- Interactive map of Kanchili
- Kanchili Location in Andhra Pradesh, India Kanchili Kanchili (India)
- Coordinates: 18°58′52″N 84°34′55″E﻿ / ﻿18.981°N 84.582°E
- Country: India
- State: Andhra Pradesh
- District: Srikakulam
- Talukas: Kanchili

Languages
- • Official: Telugu
- Time zone: UTC+5:30 (IST)
- PIN: 532 290
- Telephone code: 08947
- Vehicle Registration: AP30 (Former) AP39 (from 30 January 2019)
- Lok Sabha constituency: Srikakulam
- Vidhan Sabha constituency: Ichchapuram

= Kanchili =

Kanchili is a village and headquarters in Kanchili mandal, Srikakulam district of the Indian state of Andhra Pradesh.

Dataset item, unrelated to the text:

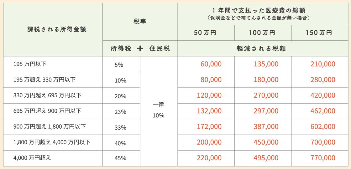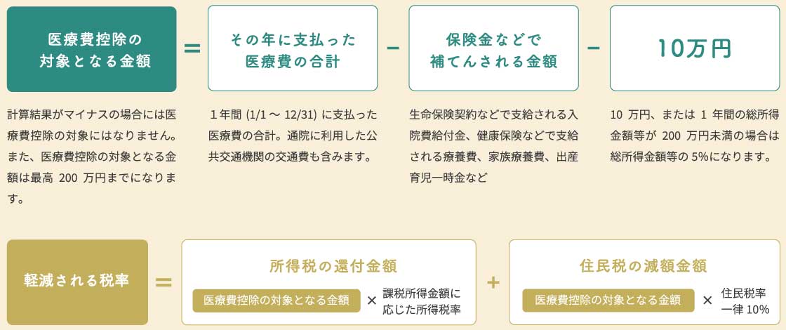 医療費控除とは、ご自身や、生計を一つにする配偶者、その他の親族のために1年間(1/1〜12/31)に支払った医療費の合計が10万円(総所得金額等が200万円未満の場合は、総所得金額等の5%の金額)を上回った場合、確定申告の手続きによって一定の金額を所得金額から控除できる制度です。また、過去の分についても、「申請したい年の源泉徴収票」「書類」「医療費の領収書」が揃っていれば過去5年間にさかのぼって医療費控除が受けられます。

Kanchili mandal is bordered by Kaviti mandal to the north, Odisha state to the west and Sompeta mandal to the south and east.

==Demographics==

As per the Indian census in 2011, the demographic details of Kanchili mandal is as follows:
- Total population: 3,837; in 810 households
- Male population: 2,144
- Female population: 1,693
- Child population (age 0-6): 363
- Literacy rate: 71.1% (male: 81.31%; female: 57.81%)

== Etymology ==

"Kanchili" village has acquired its name from the local village deity "Kanchamma" who is worshiped with devotion by the locals. The residents of Kanchili, as a matter of their social and moral responsibility, renovated the old temple of goddess 'Kanchamma'.

== Transport ==

It has a railway station; it is named after a neighboring large mandal "Sompeta Railway Station". Most of the trains passing through the Howrah - Chennai route halt here. This railway station falls under the South Coast Railway zones. The railway serves as a major transportation of this village. NH-5 Passes through this village. APSRTC runs a plenty of buses through this village connecting to many cities and villages.